--- Source records ---

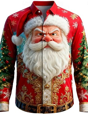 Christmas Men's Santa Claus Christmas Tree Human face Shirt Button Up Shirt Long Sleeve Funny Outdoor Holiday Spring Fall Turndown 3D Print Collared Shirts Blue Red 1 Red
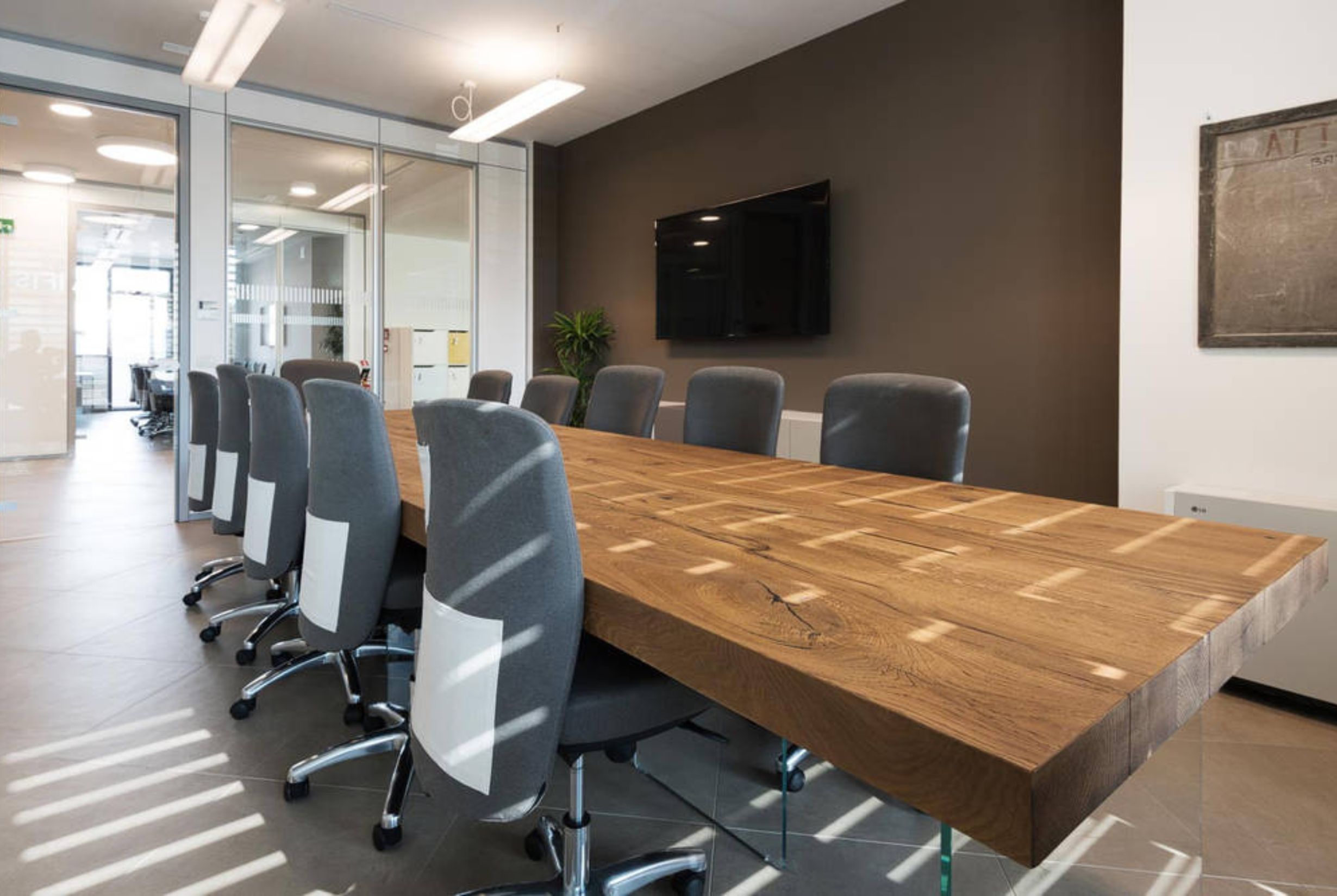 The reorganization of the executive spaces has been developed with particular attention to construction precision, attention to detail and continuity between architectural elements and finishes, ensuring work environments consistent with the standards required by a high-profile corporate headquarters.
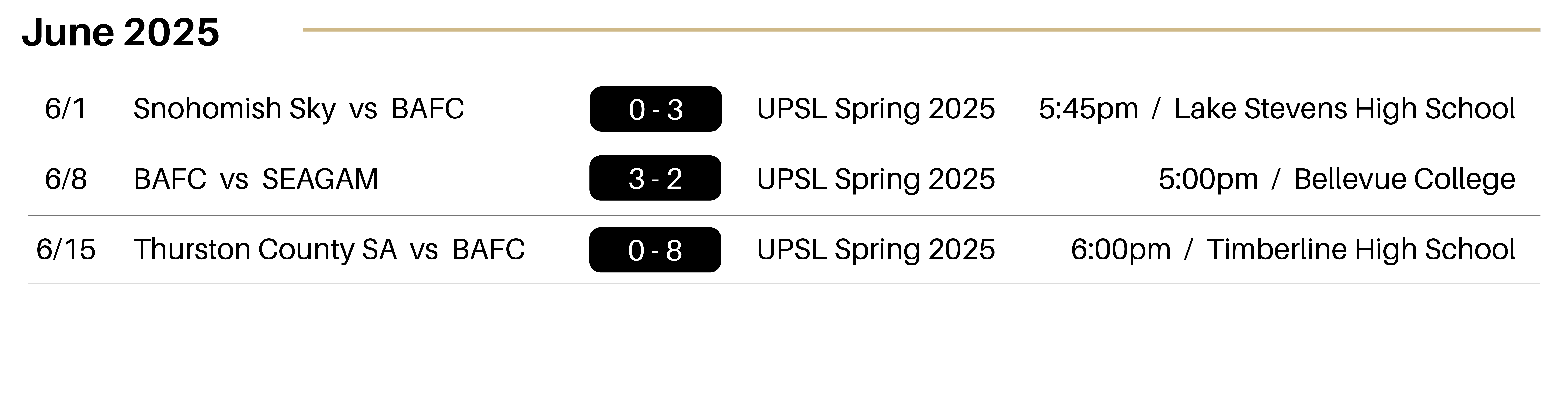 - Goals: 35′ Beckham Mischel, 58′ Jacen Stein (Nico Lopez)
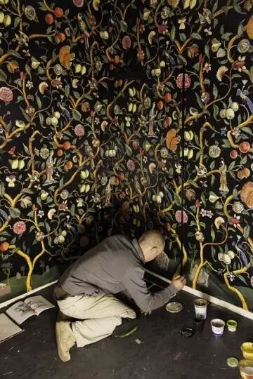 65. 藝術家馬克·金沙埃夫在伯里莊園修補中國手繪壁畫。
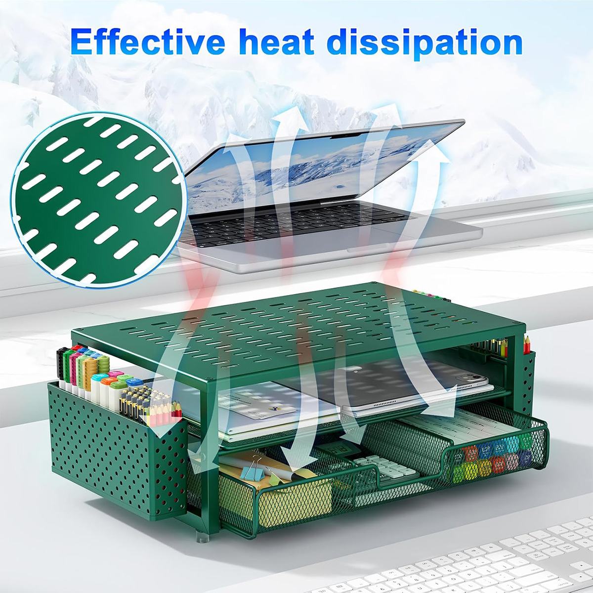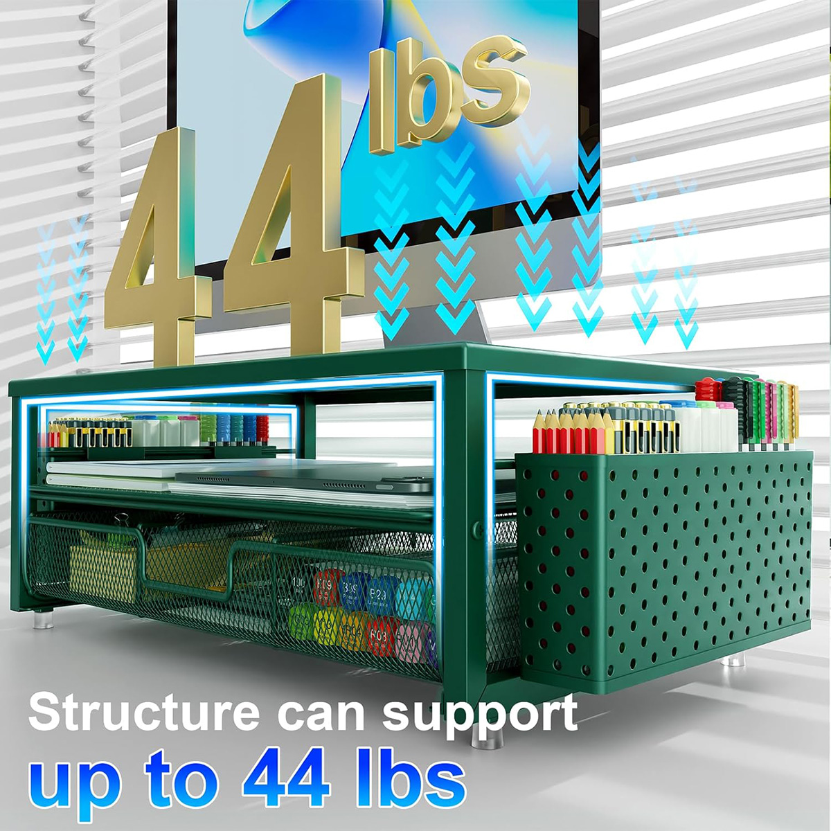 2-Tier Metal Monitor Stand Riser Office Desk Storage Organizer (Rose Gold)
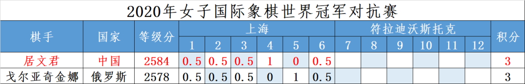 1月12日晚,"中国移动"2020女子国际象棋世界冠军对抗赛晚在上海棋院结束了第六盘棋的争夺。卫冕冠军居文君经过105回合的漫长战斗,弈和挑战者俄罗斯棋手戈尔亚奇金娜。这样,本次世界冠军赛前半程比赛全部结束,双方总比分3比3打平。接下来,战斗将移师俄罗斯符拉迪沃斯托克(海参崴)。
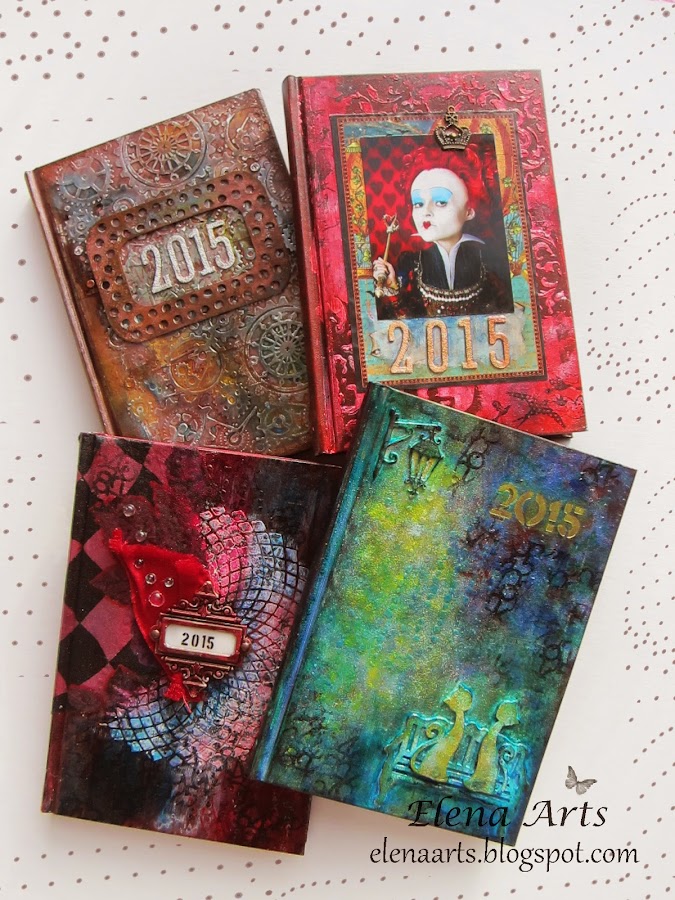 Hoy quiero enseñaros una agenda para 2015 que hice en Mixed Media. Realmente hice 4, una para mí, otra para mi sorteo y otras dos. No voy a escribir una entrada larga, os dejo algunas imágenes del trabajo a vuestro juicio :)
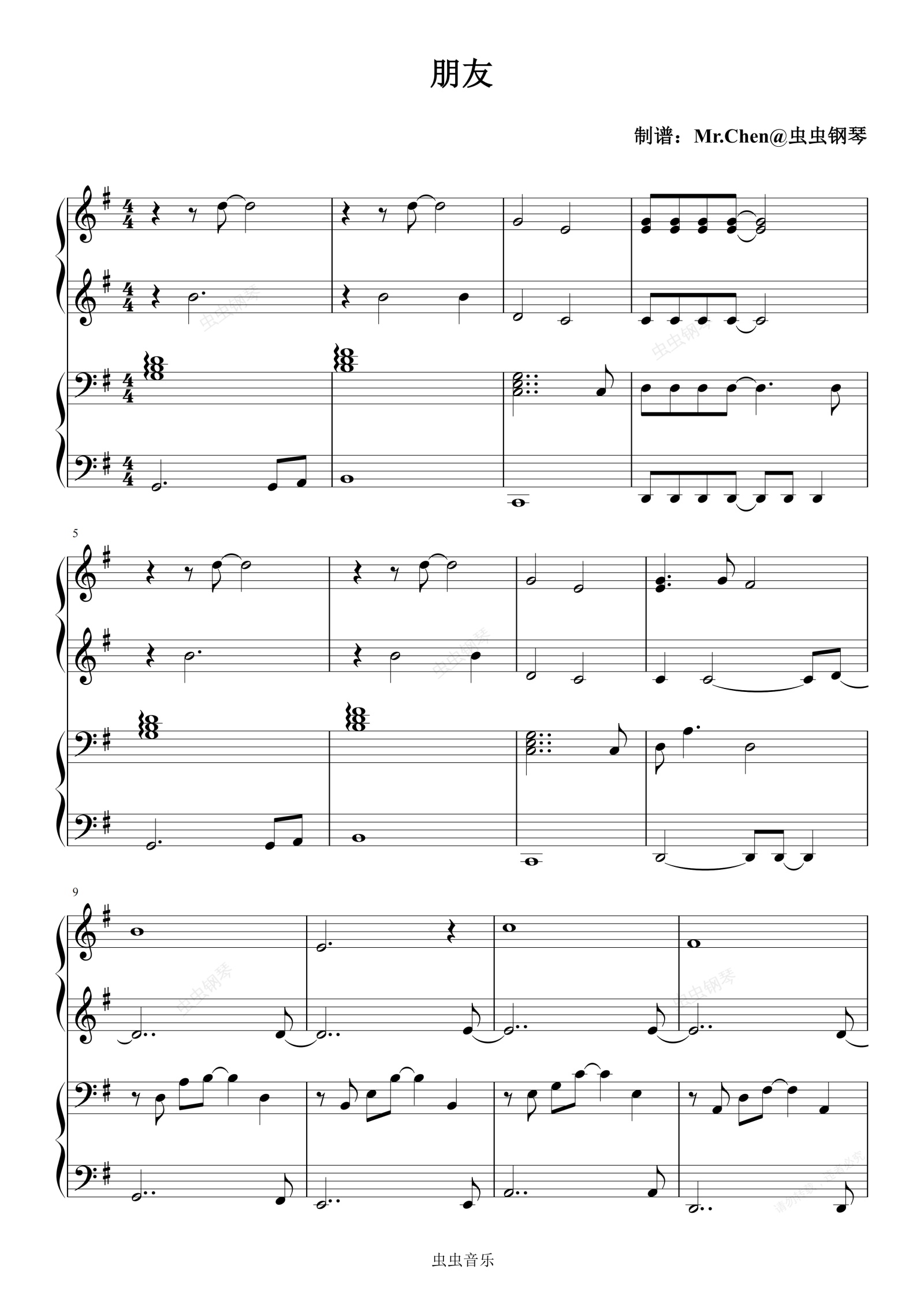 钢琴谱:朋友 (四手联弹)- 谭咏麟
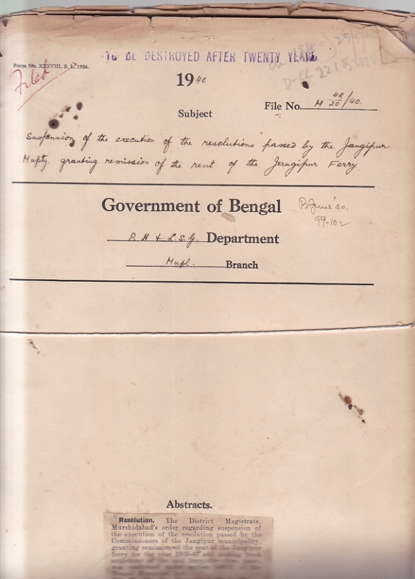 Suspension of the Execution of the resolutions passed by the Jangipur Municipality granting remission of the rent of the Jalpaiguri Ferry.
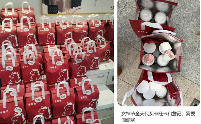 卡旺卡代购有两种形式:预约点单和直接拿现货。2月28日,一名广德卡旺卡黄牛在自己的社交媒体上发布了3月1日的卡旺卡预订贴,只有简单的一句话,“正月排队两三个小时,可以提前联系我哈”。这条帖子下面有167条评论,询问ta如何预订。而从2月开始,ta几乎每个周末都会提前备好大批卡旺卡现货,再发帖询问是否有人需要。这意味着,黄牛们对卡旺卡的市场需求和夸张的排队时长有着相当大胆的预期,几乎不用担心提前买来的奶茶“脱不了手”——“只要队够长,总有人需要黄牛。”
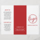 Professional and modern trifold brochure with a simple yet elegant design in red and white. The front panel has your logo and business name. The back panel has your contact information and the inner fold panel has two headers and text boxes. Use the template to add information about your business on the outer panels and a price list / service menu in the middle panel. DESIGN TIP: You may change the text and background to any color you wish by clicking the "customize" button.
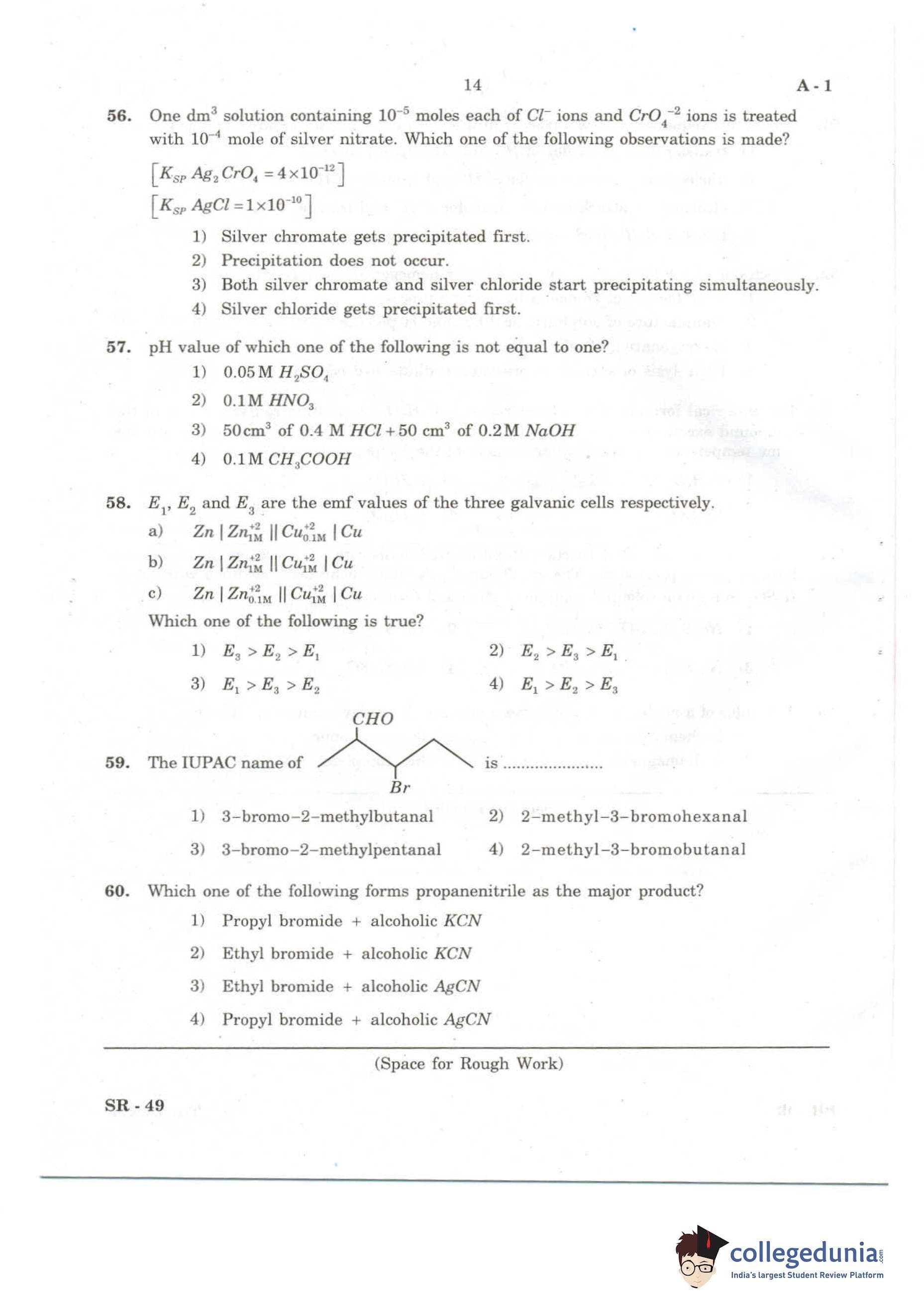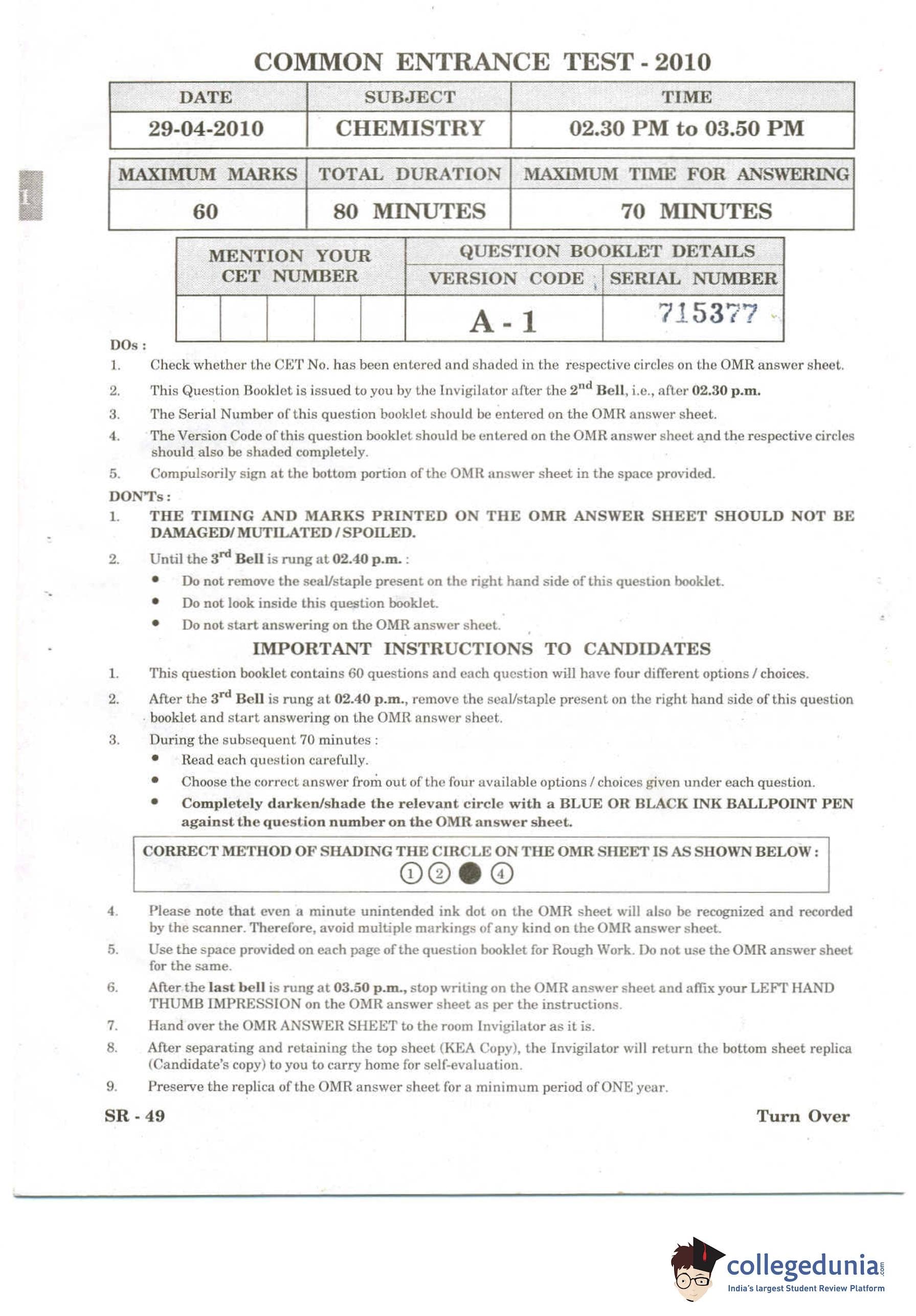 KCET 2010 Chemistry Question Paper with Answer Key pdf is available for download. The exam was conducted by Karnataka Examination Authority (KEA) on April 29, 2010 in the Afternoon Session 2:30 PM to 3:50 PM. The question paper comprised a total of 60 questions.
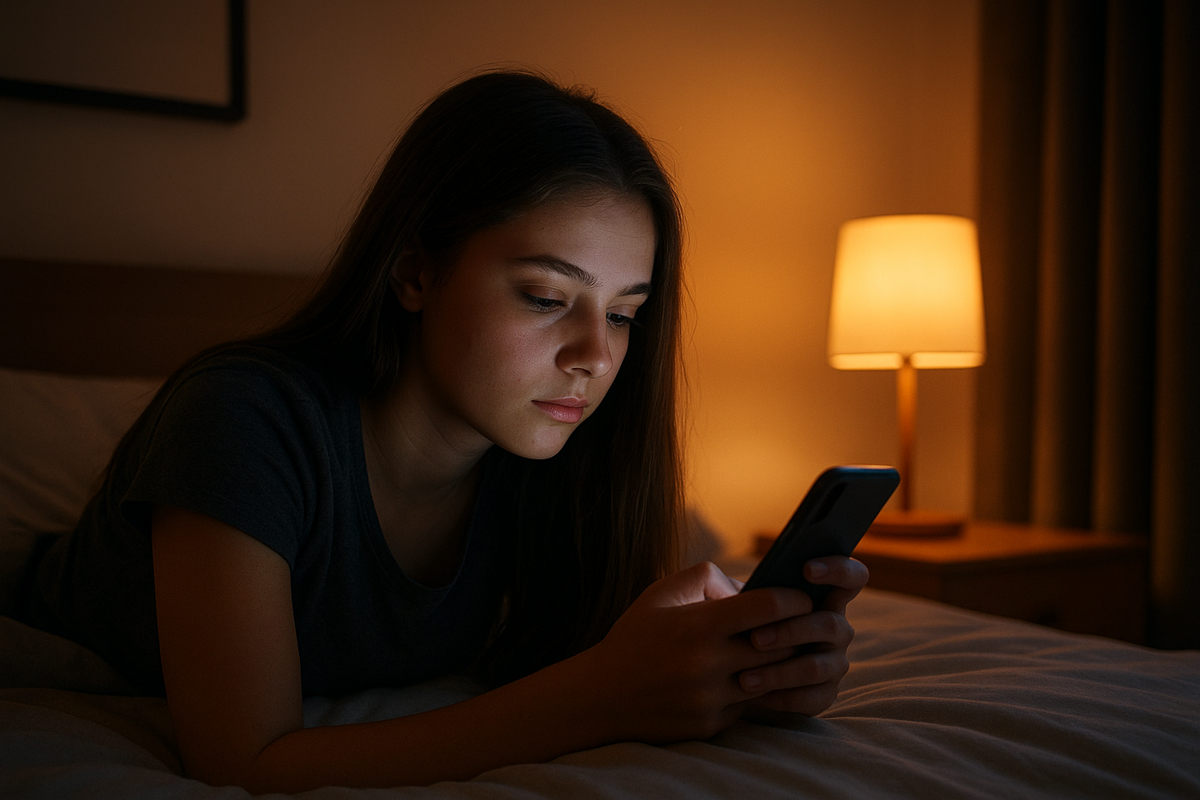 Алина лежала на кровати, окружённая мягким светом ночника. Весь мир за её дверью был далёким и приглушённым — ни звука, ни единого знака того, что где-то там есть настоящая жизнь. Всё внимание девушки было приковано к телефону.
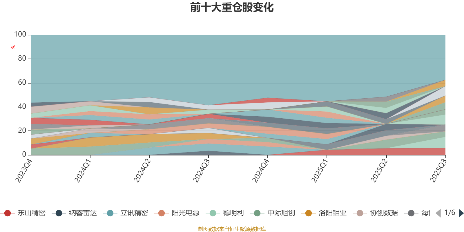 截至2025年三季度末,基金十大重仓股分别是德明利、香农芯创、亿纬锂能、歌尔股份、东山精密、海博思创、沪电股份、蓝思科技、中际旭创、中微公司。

---

* **Required work**
An exact copy is needed of every line from the line containing "Professional and modern" to the last line of the records; pictures stay out of it.

* **Problem solution**
 Professional and modern trifold brochure with a simple yet elegant design in red and white. The front panel has your logo and business name. The back panel has your contact information and the inner fold panel has two headers and text boxes. Use the template to add information about your business on the outer panels and a price list / service menu in the middle panel. DESIGN TIP: You may change the text and background to any color you wish by clicking the "customize" button.
 KCET 2010 Chemistry Question Paper with Answer Key pdf is available for download. The exam was conducted by Karnataka Examination Authority (KEA) on April 29, 2010 in the Afternoon Session 2:30 PM to 3:50 PM. The question paper comprised a total of 60 questions.
 Алина лежала на кровати, окружённая мягким светом ночника. Весь мир за её дверью был далёким и приглушённым — ни звука, ни единого знака того, что где-то там есть настоящая жизнь. Всё внимание девушки было приковано к телефону.
 截至2025年三季度末,基金十大重仓股分别是德明利、香农芯创、亿纬锂能、歌尔股份、东山精密、海博思创、沪电股份、蓝思科技、中际旭创、中微公司。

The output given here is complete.